Low Latency Majority Logic Based Multiplier
Jandhyala B V Subrahmanya Praneeth, Sangeetha Kamatchi · 2024
Approximate Computing (AC) presents a compelling approach to reducing energy consumption and footprint by relaxing the requirement for absolute precision. ML-based arithmetic circuits, like multi-bit adders and multipliers, enhance computing accuracy by reducing the propagation of imprecise outputs. This paper introduces a novel multiplier design incorporating a unique Partial Product Reduction (PPR) circuitry derived from the parallel approximation 6:3 compressor, efficiently realized through the application of a novel Wallace tree algorithm. Such approximate adders and multipliers find particular utility in tasks like image processing and machine learning, where speed often outweighs the need for perfect precision.
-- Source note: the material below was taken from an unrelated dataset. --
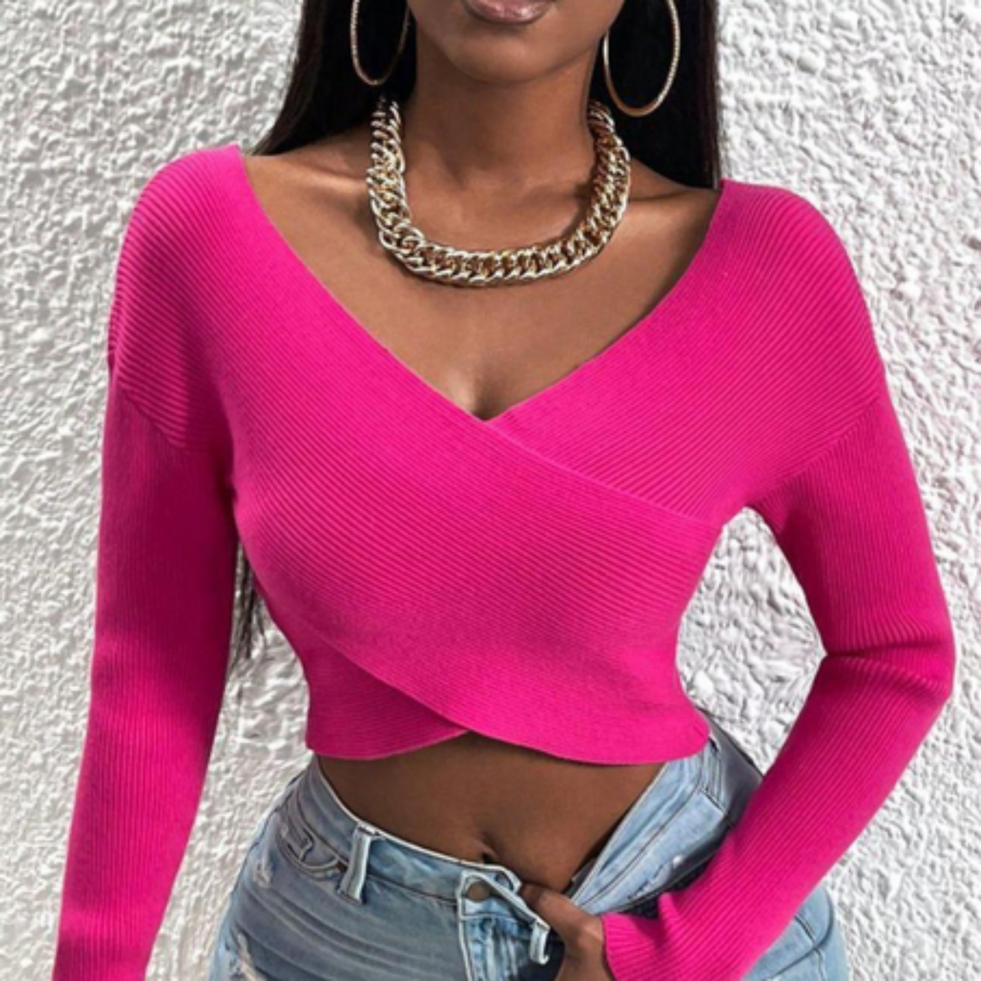 Embrassez l'audace avec ce pull rose court à col croisé, une pièce qui refuse de passer inaperçue. Son design croisé affirmé crée une silhouette flatteuse et moderne, tandis que la teinte rose vibrante capture l'attention. Parfait pour celles qui osent exprimer leur style avec confiance, ce pull transforme chaque tenue en déclaration de mode. Léger et intemporel, il s'adapte à vos envies du moment, du casual au sophistiqué.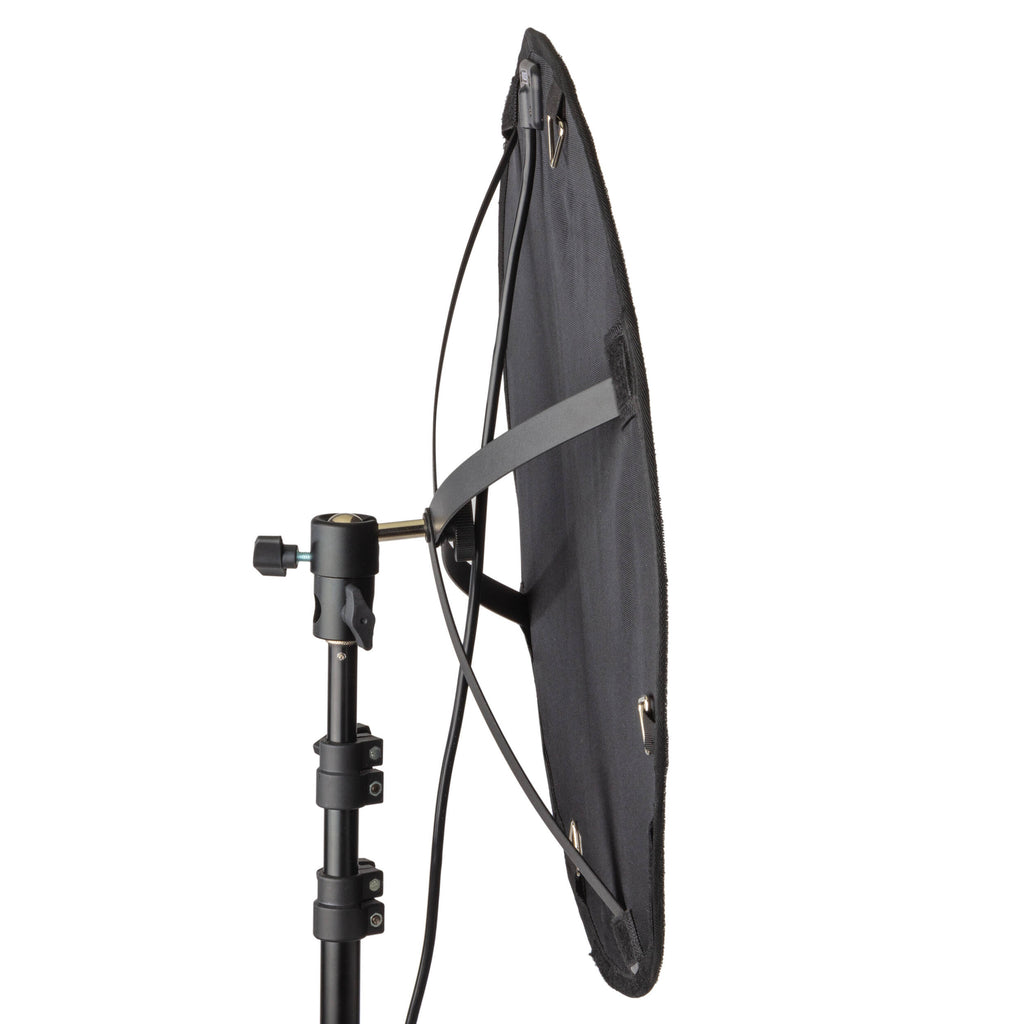 The PortaSun Round Flexible Bi-Color LED Light with Softbox and Grid V2 from Genaray is a lightweight, flexible, circular LED panel with a 20" diameter array, featuring 336 daylight and 336 tungsten LEDs to provide up to 5770 Lux of output. The X-bracket gives the bendable light panel rigidity that enables the use of light-shapers like the included softbox and grid, which attach in moments via a touch-fastener border on the front of the panel. The X-bracket has a ball head with 180° of tilt for precise aiming and a 5/8" receiver so you can mount it on most light stands.

Notably, significant reductions in power and space are achieved without compromising quality, facilitated by the introduction of an approximate 6:3 compressor and a specialized PPR circuit for compression in the multiplier. Furthermore, two distinct multipliers are proposed, each resulting in varied improvements in parameters such as MAE, area, power, and delay. For Design 1, power and delay decrease by 14% and 7%, respectively, while Design 2 exhibits a 16% reduction in MAE and a 2% decrease in delay when compared to an 8x8 existing approximate multiplier.